*** Block opens ***

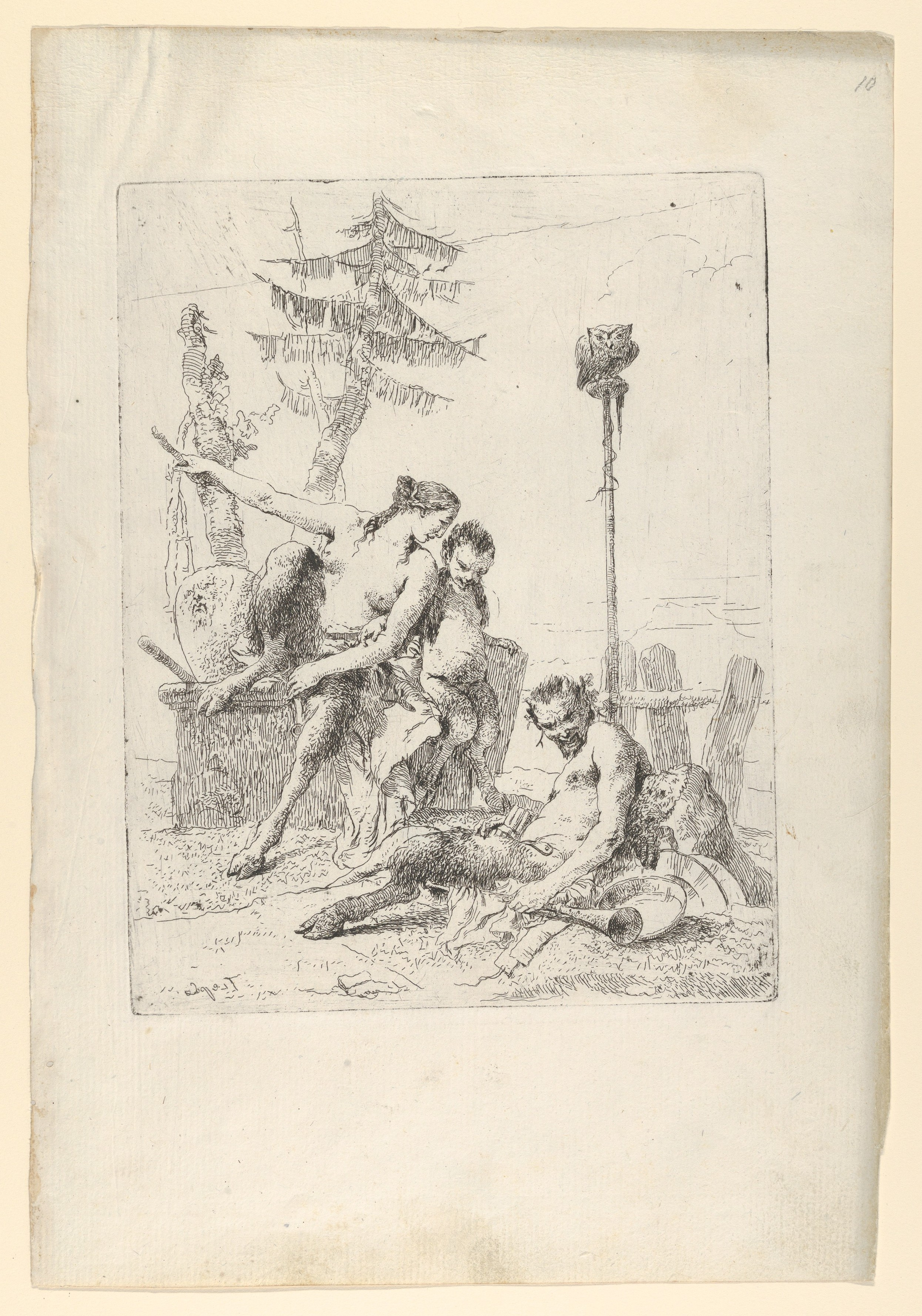 Print; Prints
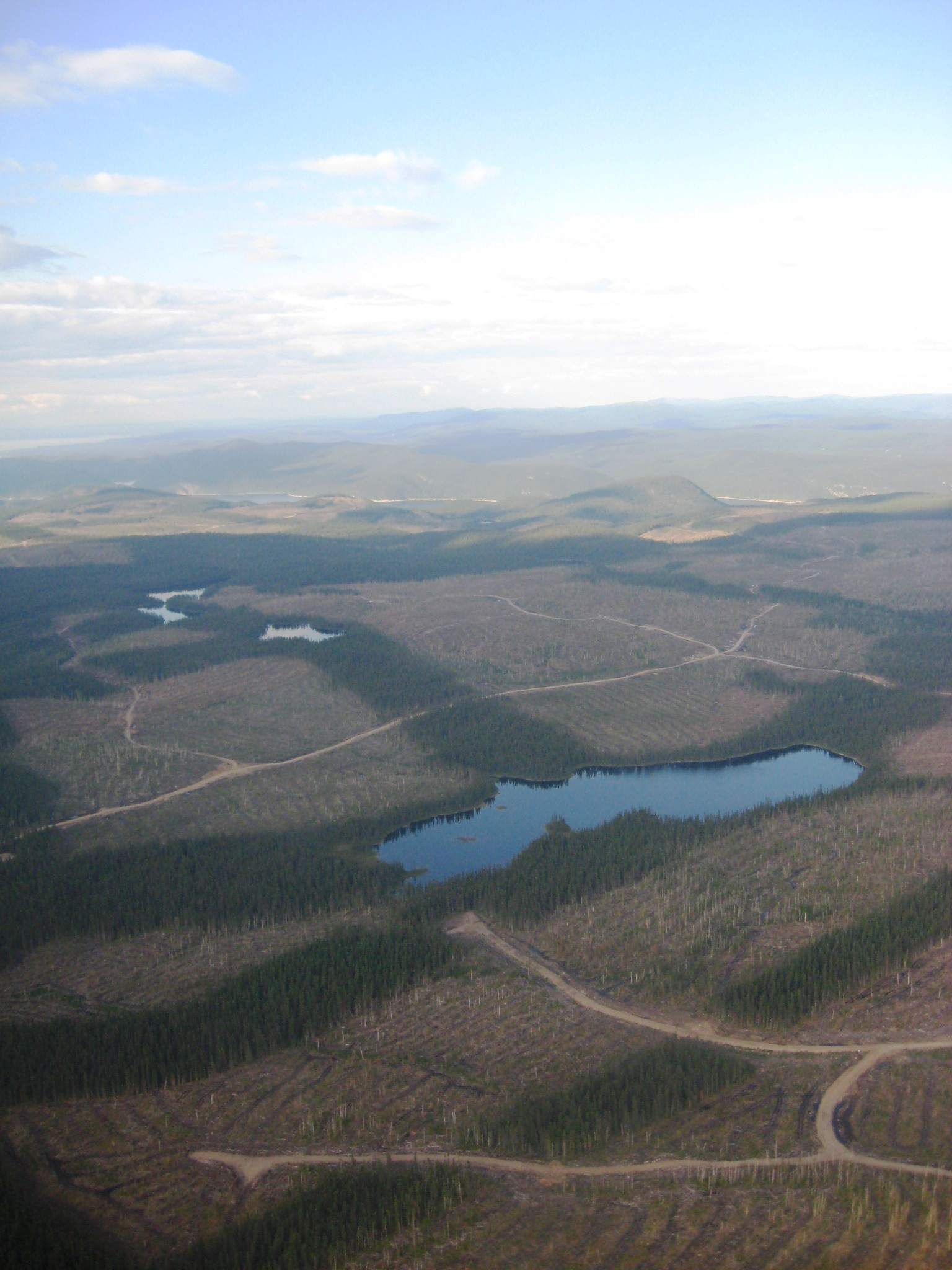 Overview of cuts made by Kruger on René-Levasseur Island.
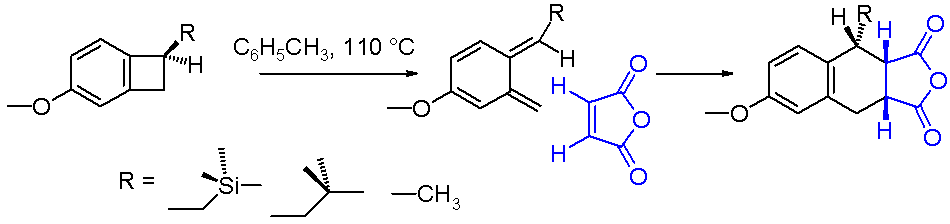 Electrocyclic reaction Matsuya 2006
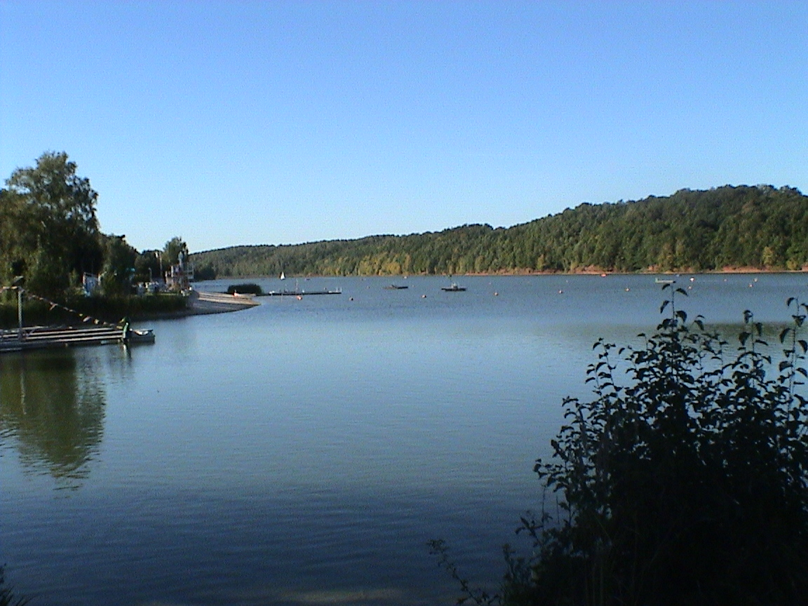 artificial lake "Koberbachtalsperre" view from restaurant "Seehaus" to the steep shore
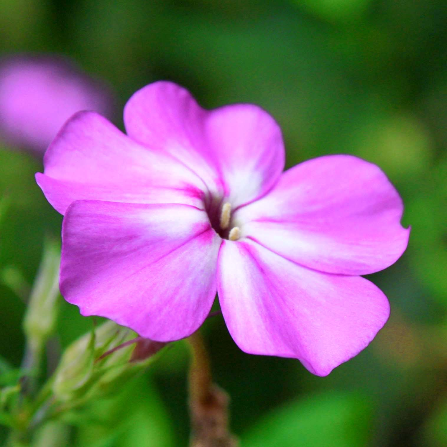 Phlox paniculata - Budapest, Hungary
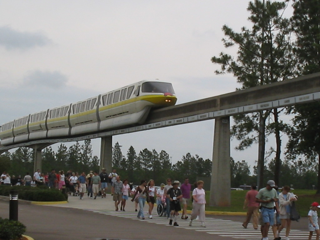 Monorail Disney World, Orlando, May 2005
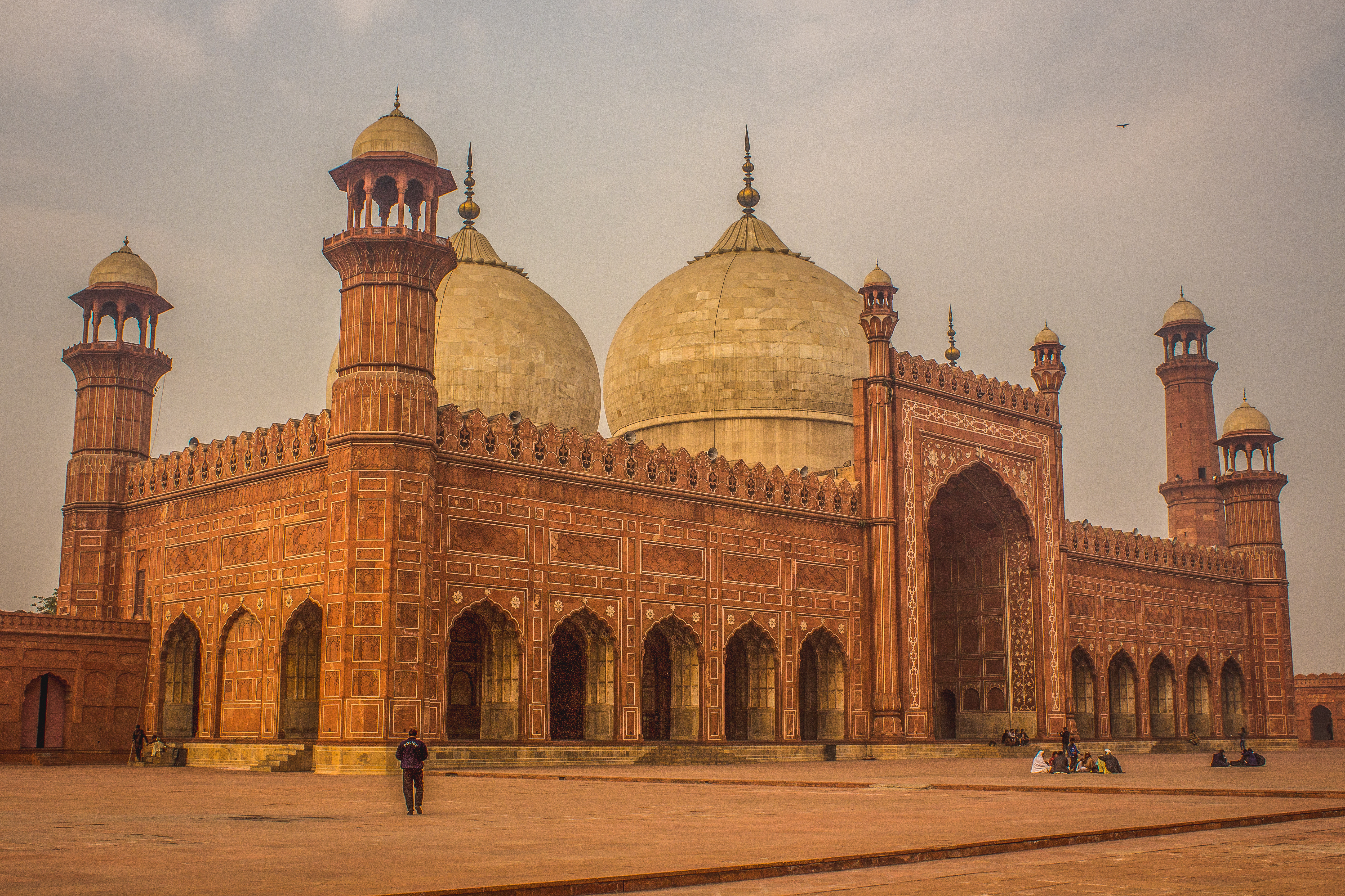 Badshahi Mosque (King’s Mosque) This is a photo of a monument in Pakistan identified as the PB-44
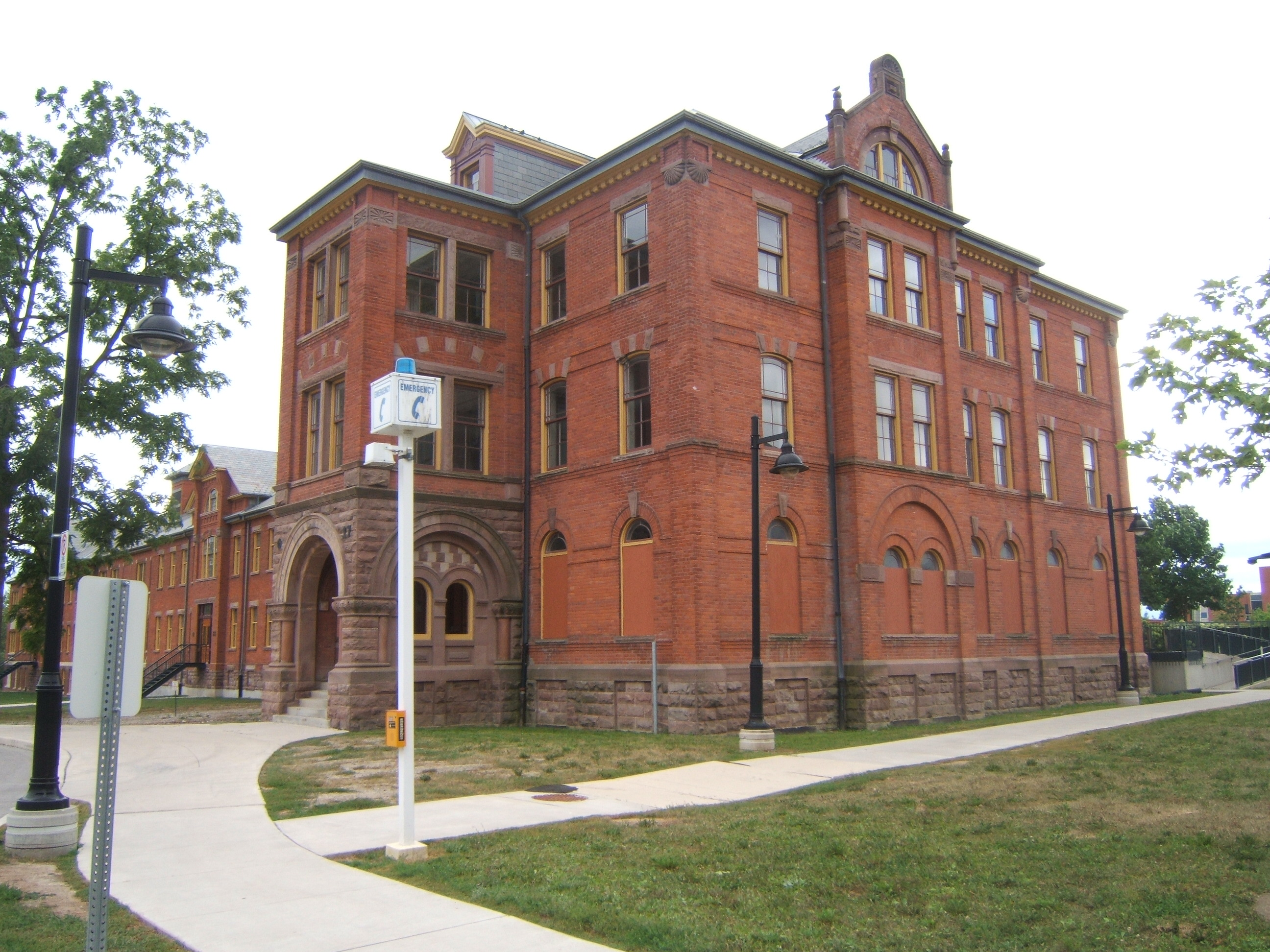 Side view of the building which used to be the Lakeshore Psychiatric Hospital, later the filming location of the movies Police Academy 1,3 and 4; now part of Lakeshore Campus of Humber College, Toronto, Ontario, Canada
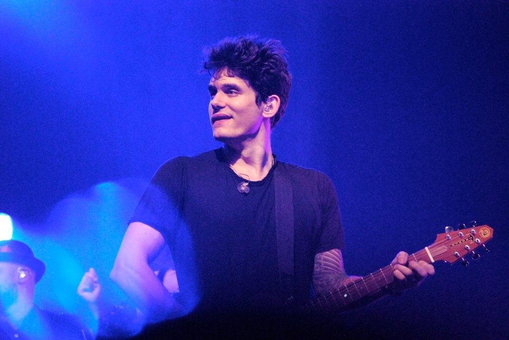 John Mayer performing live at State Farm Arena in Atlanta, Georgia in March 17, 2010. The concert was part of the Battle Studies World Tour.
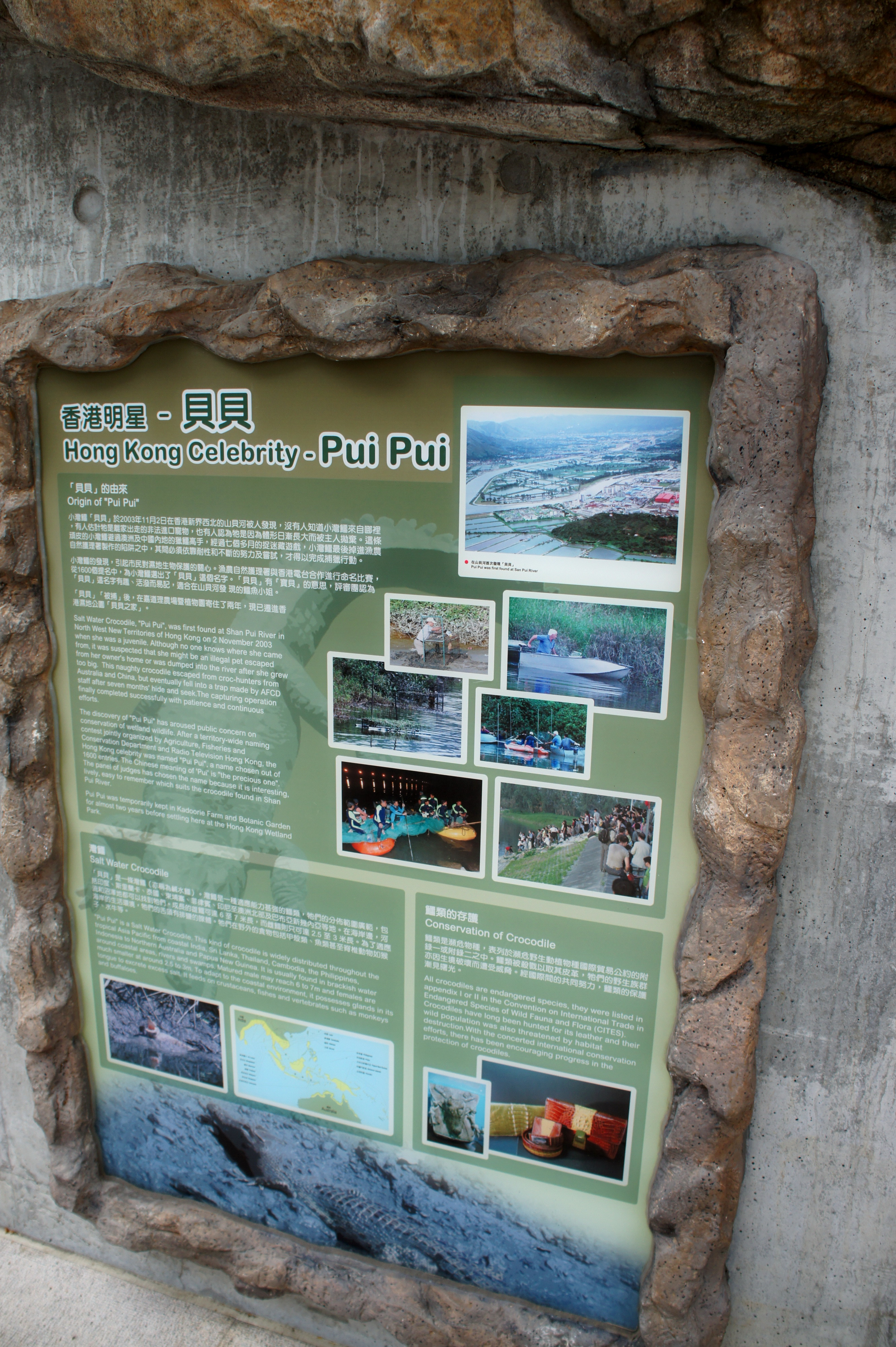 A display about the origin of Pui Pui at the Hong Kong Wetland Park.
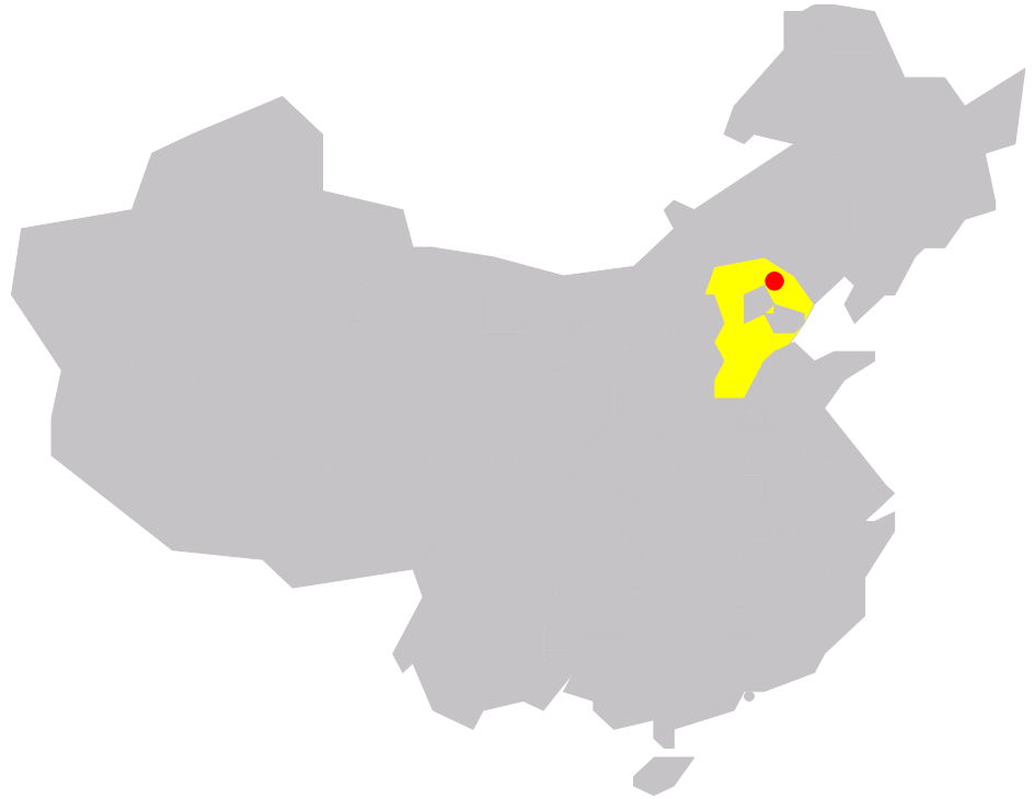 Description: position of Chengde in China Source: own work Date: December 2005 Author: --Immanuel Giel 12:28, 15 December 2005 (UTC) Other versions: none Chengde Chengde Chengde

*** Block closes ***

» **WHAT IS BEING ASKED**
Only the lines from the start of the records to the line with "Badshahi Mosque (King’s" belong in the copy. Print them exactly, minus pictures.

» **YOUR RESPONSE**
 Print; Prints
 Overview of cuts made by Kruger on René-Levasseur Island.
 Electrocyclic reaction Matsuya 2006
 artificial lake "Koberbachtalsperre" view from restaurant "Seehaus" to the steep shore
 Phlox paniculata - Budapest, Hungary
 Monorail Disney World, Orlando, May 2005
 Badshahi Mosque (King’s Mosque) This is a photo of a monument in Pakistan identified as the PB-44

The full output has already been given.